According to Welongo, “Most young people were idle without any means to meet their livelihoods. The suffering I faced was common, and at some point, I felt a responsibility to do something for fellow refugees. That is when I came up with the idea of starting SAVIC.”
SAVIC stands for Solidarity and Advocacy for Vulnerable Individuals in Crisis. Welongo founded the NGO in 2010, and it has since provided education and development services to more than 8,000 refugees.
For Welongo, graduate school at Georgetown University, a partner of Jesuit Worldwide Learning, has always been one of his goals. “Georgetown is a unique institution that produces great leaders who are making big achievements in our world,” says Welongo. “I believe I have a greater potential to help improve the conditions of the vulnerable people in my country, and in Africa. As a leader with a great vision for the disadvantaged communities, my priority has been to pursue graduate school in order to strengthen my practical skills and experience, as well as get an opportunity to network with other students and leaders in the academia who can help me achieve my dreams,” he added.

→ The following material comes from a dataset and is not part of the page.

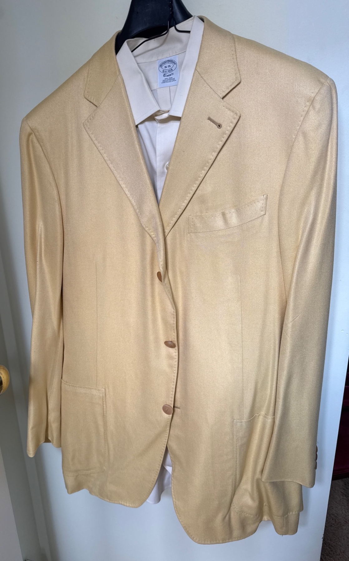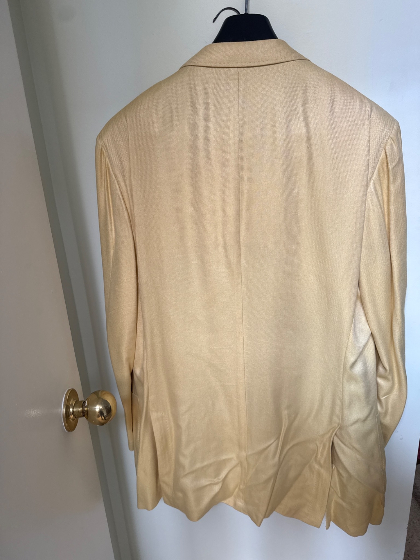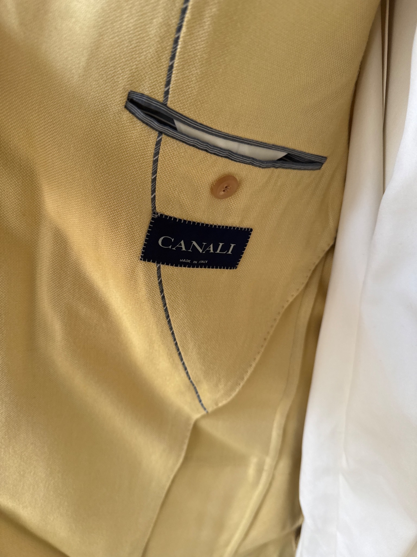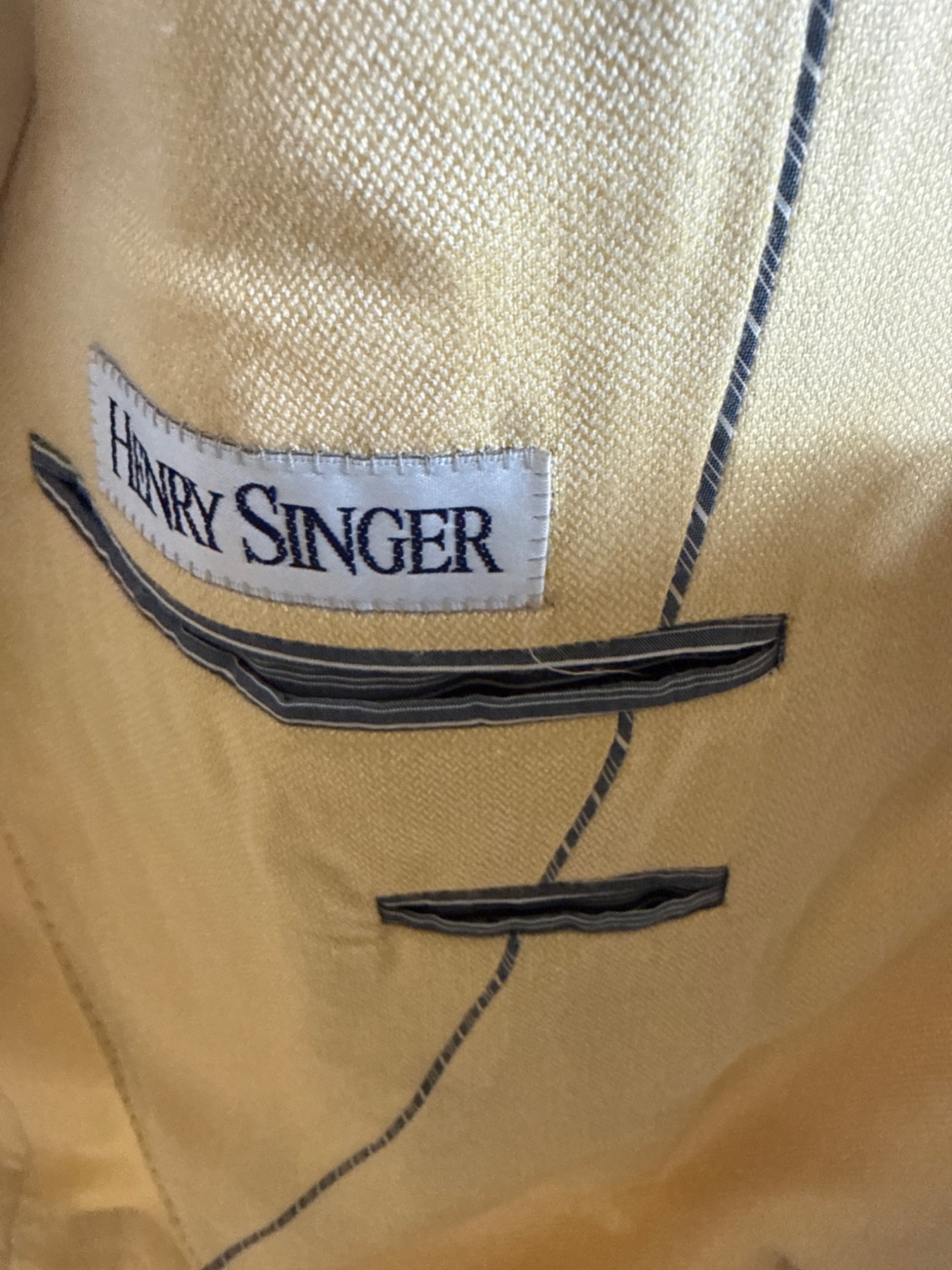 Sophisticated Canali blazer designed exclusively for Henry Singer. Crafted in a striking yellow fabric, this stylish jacket features a notch lapel, three-button front closure, a chest pocket, and two front pockets. Sized as 42 Tall, it is tailored for a taller frame. Excellent craftsmanship with a fully lined interior. A refined piece that adds an elegant flair to formal or semi-formal attire.

Since coming to Georgetown, Welongo has taken advantage of the many events and networking opportunities available in DC. He is enjoying all of his classes, and likes, “the energy of our professors who bring with them
many years of experience working with governments, international organizations and politics.” Welongo says he has found a wonderful support system among both the professors and the 27 other young professionals who make up the first year cohort of the Global Human Development program.
Upon graduation from Georgetown, Welongo says, “I hope to use my new skills and expertise to advance my work with SAVIC, and hopefully, scale my model to reach more displaced people in other countries in Africa.” He also hopes to gain more work experience with an international organization in DC to build and expand on his own skills and knowledge.